-- Exercise goal --
Down to the final line, write out the material beneath exactly, without pictures.

-- Dataset content --
━━━━━━

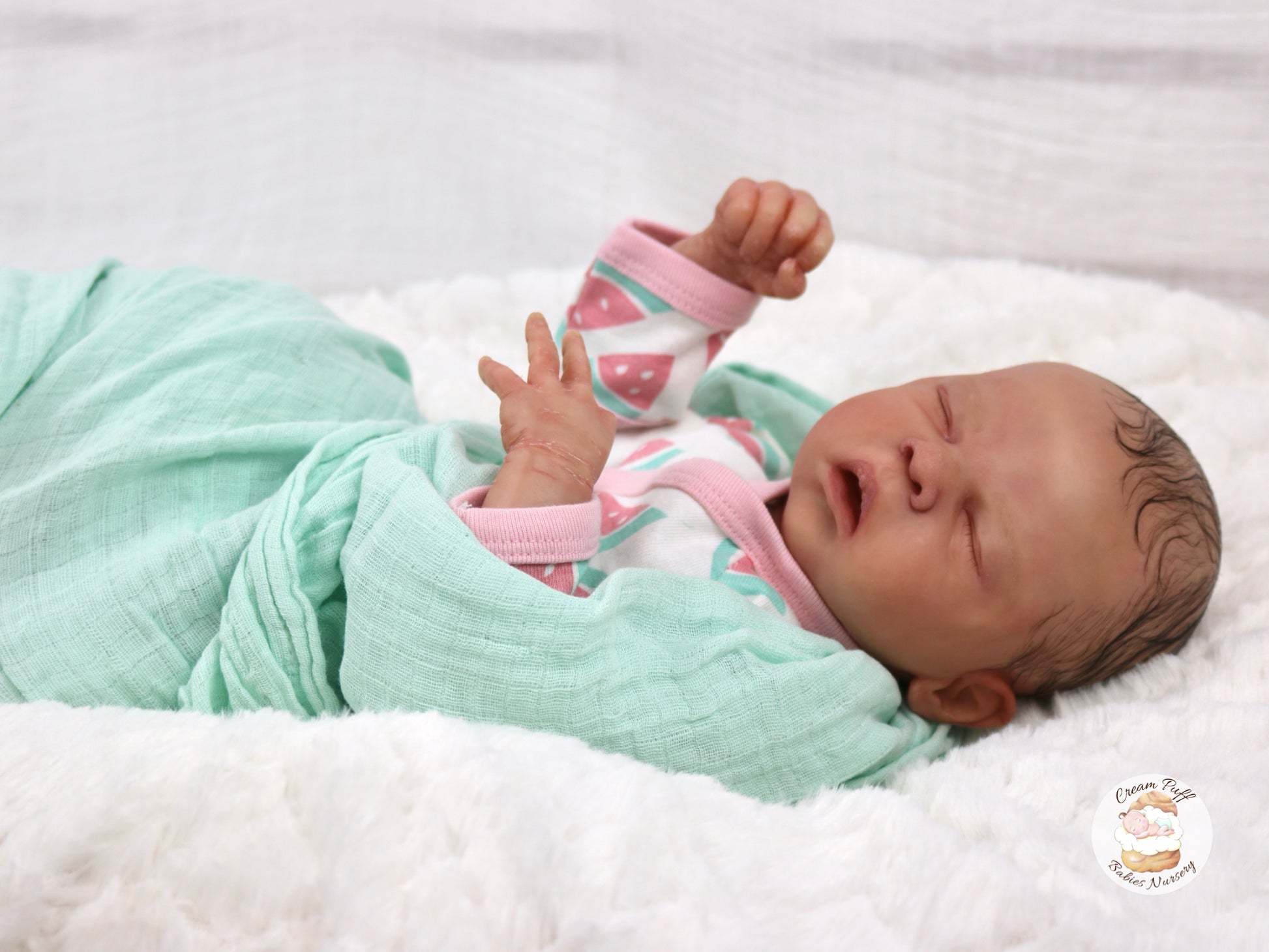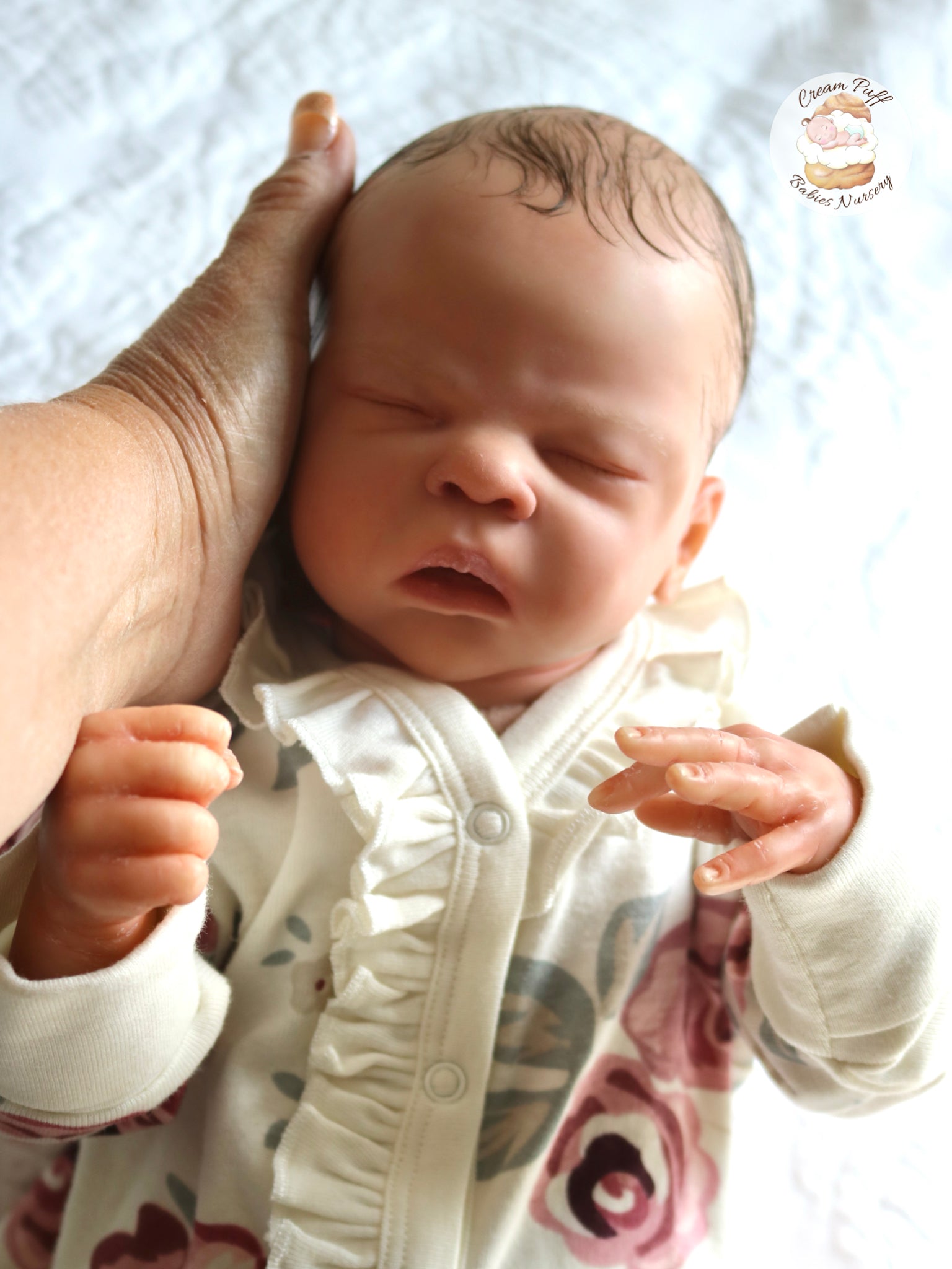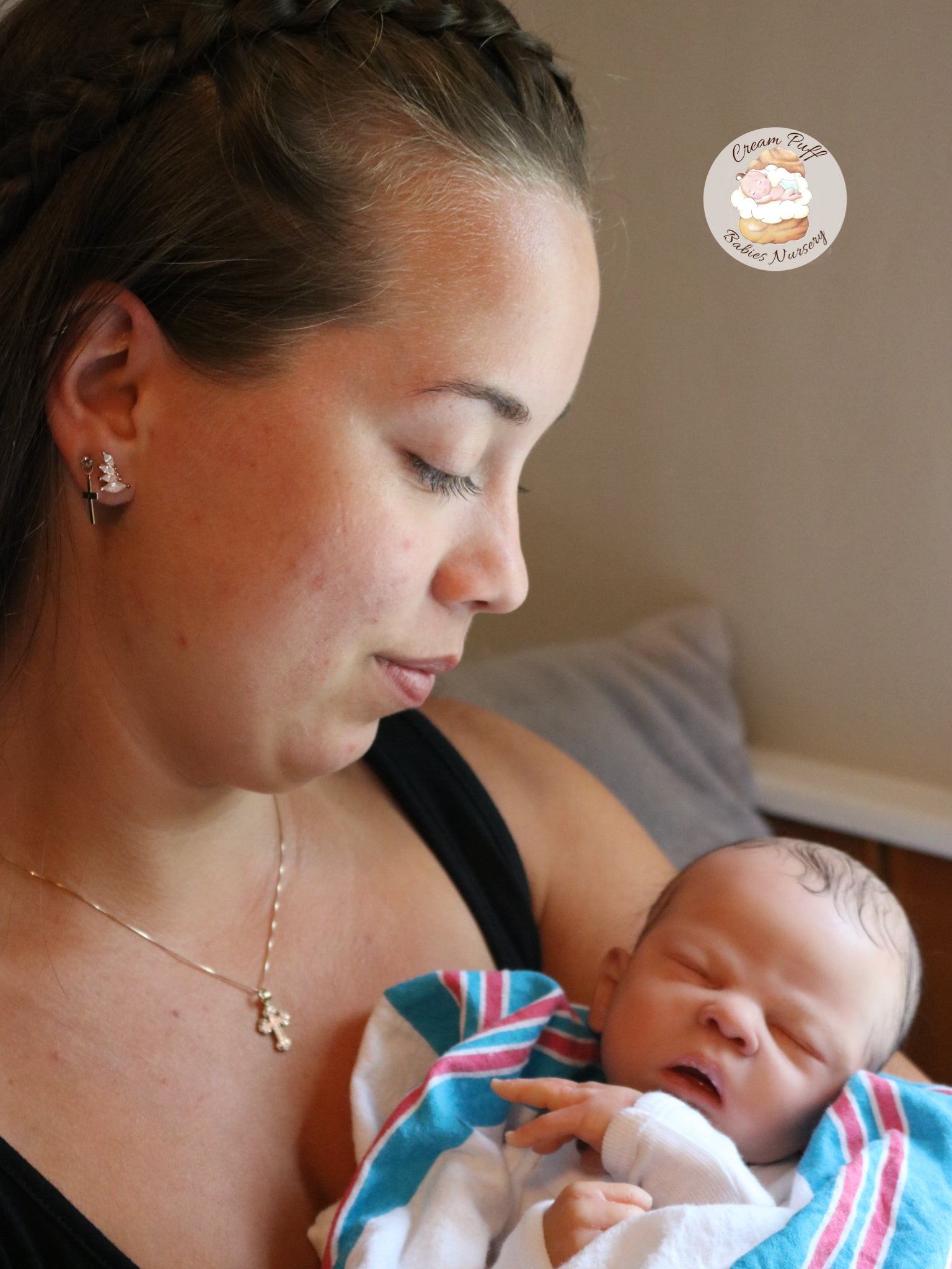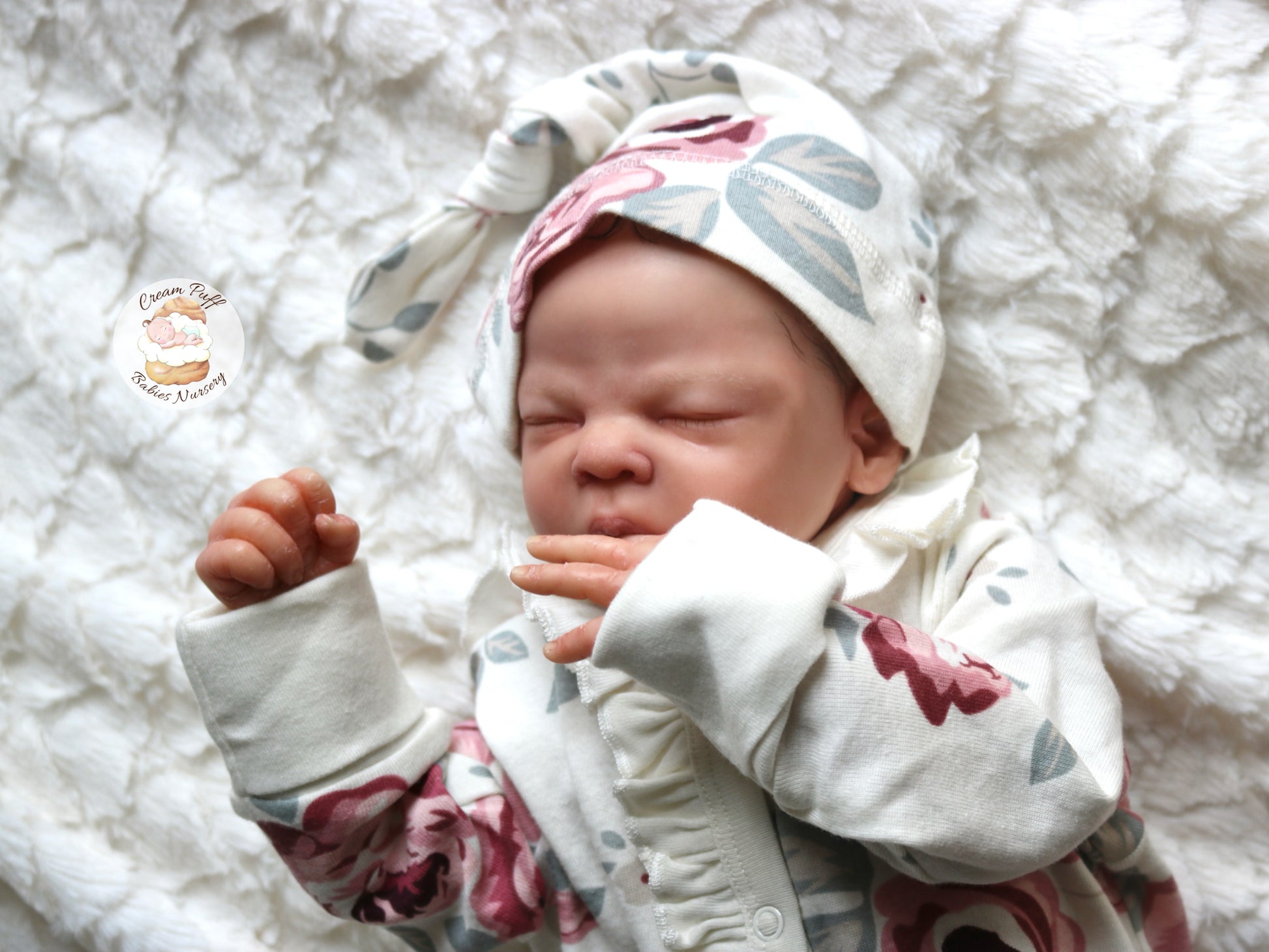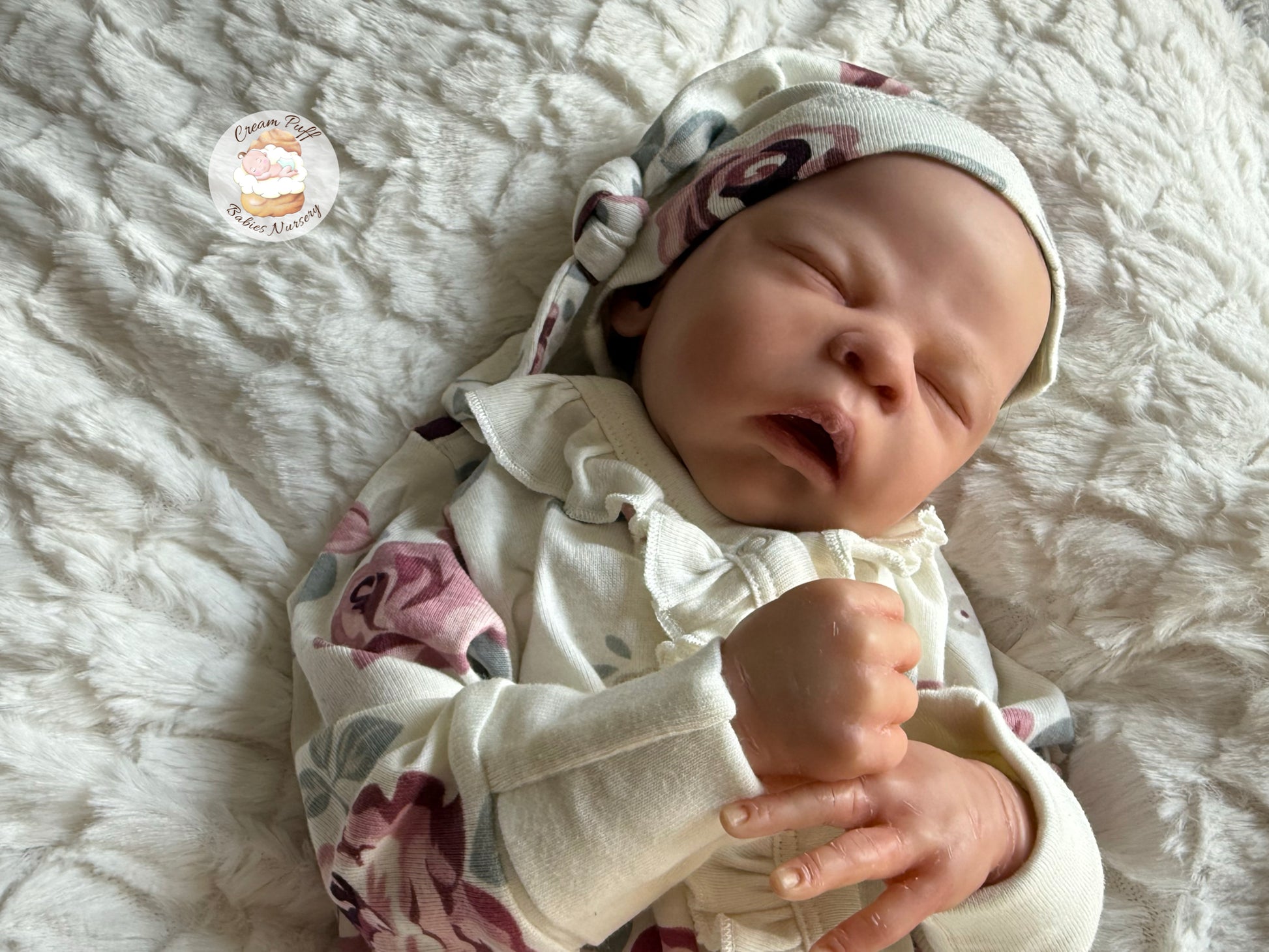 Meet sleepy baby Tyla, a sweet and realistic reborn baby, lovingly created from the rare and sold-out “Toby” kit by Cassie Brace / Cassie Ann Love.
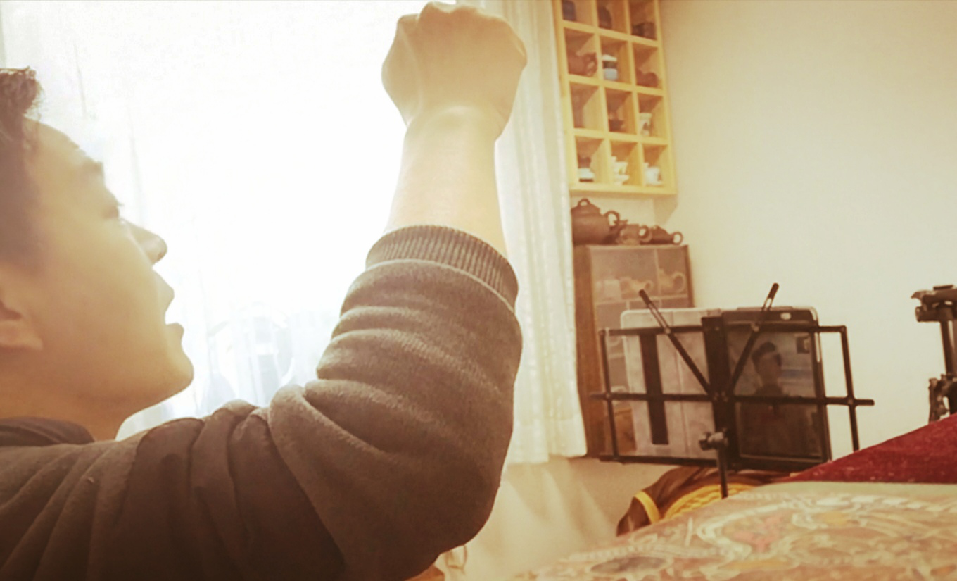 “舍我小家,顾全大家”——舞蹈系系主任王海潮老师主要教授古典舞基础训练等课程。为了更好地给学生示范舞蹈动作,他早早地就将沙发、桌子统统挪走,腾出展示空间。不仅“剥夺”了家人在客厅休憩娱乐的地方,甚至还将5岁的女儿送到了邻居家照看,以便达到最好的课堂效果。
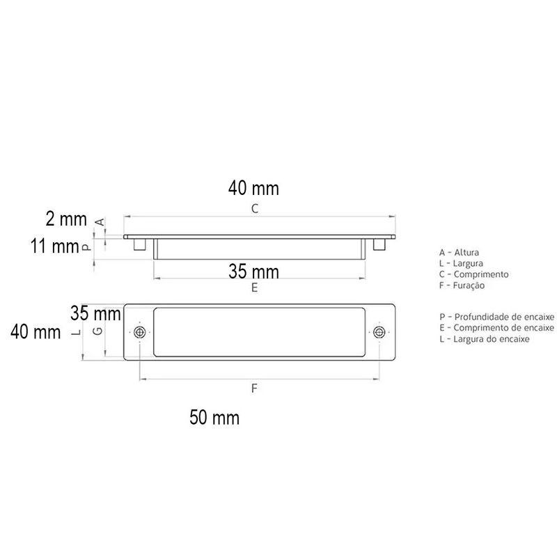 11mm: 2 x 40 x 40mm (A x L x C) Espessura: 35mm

━━━━━━

-- Exercise result --
 Meet sleepy baby Tyla, a sweet and realistic reborn baby, lovingly created from the rare and sold-out “Toby” kit by Cassie Brace / Cassie Ann Love.
 “舍我小家,顾全大家”——舞蹈系系主任王海潮老师主要教授古典舞基础训练等课程。为了更好地给学生示范舞蹈动作,他早早地就将沙发、桌子统统挪走,腾出展示空间。不仅“剥夺”了家人在客厅休憩娱乐的地方,甚至还将5岁的女儿送到了邻居家照看,以便达到最好的课堂效果。
 11mm: 2 x 40 x 40mm (A x L x C) Espessura: 35mm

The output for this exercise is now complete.